The grouping step uses the fact that $w$ extends $v$ to $L$, so every root has a well-defined $w$-valuation. We order the distinct valuations as $m_1 < m_2 < \cdots < m_t$.
[/guided]
[/step]
[step:Express coefficients via elementary symmetric polynomials of the roots]
By Vieta's formulas for the monic polynomial $f(x) = \prod_{j=1}^n (x - \alpha_j)$, the coefficient of $x^{n-k}$ satisfies
\begin{align*}
a_{n-k} = (-1)^k e_k(\alpha_1, \ldots, \alpha_n),
\end{align*}
where $e_k$ is the $k$-th elementary symmetric polynomial:
\begin{align*}
e_k(\alpha_1, \ldots, \alpha_n) = \sum_{1 \leq i_1 < \cdots < i_k \leq n} \alpha_{i_1} \cdots \alpha_{i_k}.
\end{align*}
Since $v((-1)^k) = 0$, we have $v(a_{n-k}) = v(e_k(\alpha_1, \ldots, \alpha_n))$.
[/step]
[step:Compute $v(e_k)$ using the non-archimedean property]
Each term $\alpha_{i_1} \cdots \alpha_{i_k}$ in $e_k$ has valuation $w(\alpha_{i_1}) + \cdots + w(\alpha_{i_k})$. This sum is minimised by choosing the $k$ roots with the smallest valuations. More precisely, to minimise the total valuation when selecting $k$ roots from the grouped sequence, we greedily select all $r_1$ roots of valuation $m_1$, then all $r_2$ roots of valuation $m_2$, and so on until $k$ roots are chosen.
[claim:The minimum valuation term is achieved uniquely at the greedy selection]

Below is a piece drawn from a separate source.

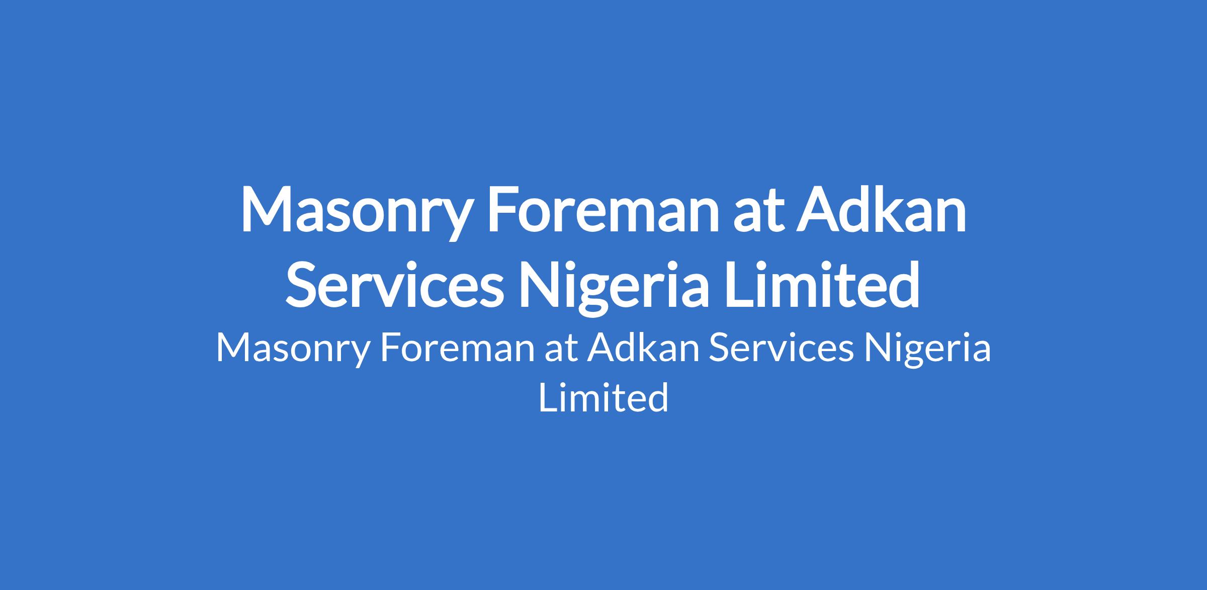 Adkan Services Nigeria Limited is recruiting to fill the position of: Masonry Foreman. The position is located in Abuja (FCT). The ideal candidate will lead a team of masons, ensure projects are completed on time, and maintain high standards of quality and safety. Interested candidates should possess relevant qualifications with 5+ years proven experience as a Masonry Foreman or senior mason.

Suppose $k = r_1 + r_2 + \cdots + r_{j-1} + s$ where $0 \leq s \leq r_j$ (i.e., we exhaust the first $j-1$ blocks and take $s$ roots from the $j$-th block). The minimum total valuation is
\begin{align*}
V_k := r_1 m_1 + r_2 m_2 + \cdots + r_{j-1} m_{j-1} + s \cdot m_j.
\end{align*}
Any other selection of $k$ roots replaces at least one root of valuation $m_\ell$ ($\ell \leq j$) with one of valuation $m_{\ell'}$ ($\ell' > j$), strictly increasing the total. When $s = r_j$ (i.e., $k$ exactly exhausts the first $j$ blocks), the minimum is achieved by $\binom{r_1}{r_1}\binom{r_2}{r_2}\cdots\binom{r_j}{r_j} = 1$ selection. When $0 < s < r_j$, the minimum is achieved by $\binom{r_j}{s} > 1$ selections, all with the same valuation.
[/claim]
[proof]
Any selection of $k$ indices from $\{1, \ldots, n\}$ determines a multiset of valuations $\{w(\alpha_{i_1}), \ldots, w(\alpha_{i_k})\}$. The sum $w(\alpha_{i_1}) + \cdots + w(\alpha_{i_k})$ is minimised by choosing the $k$ smallest valuations (with repetition according to multiplicity). Any deviation from this greedy choice replaces a root of smaller valuation with one of larger valuation, strictly increasing the sum since $m_1 < m_2 < \cdots < m_t$.
[/proof]
We now apply the ultrametric property of $w$. In a non-archimedean valued field, if a sum has a unique term of minimal valuation, then the valuation of the sum equals that minimum. When $k$ falls at a block boundary ($s = 0$ or $s = r_j$), the minimum-valuation term in $e_k$ is achieved by exactly one group of selections and the non-archimedean property gives $v(e_k) = V_k$.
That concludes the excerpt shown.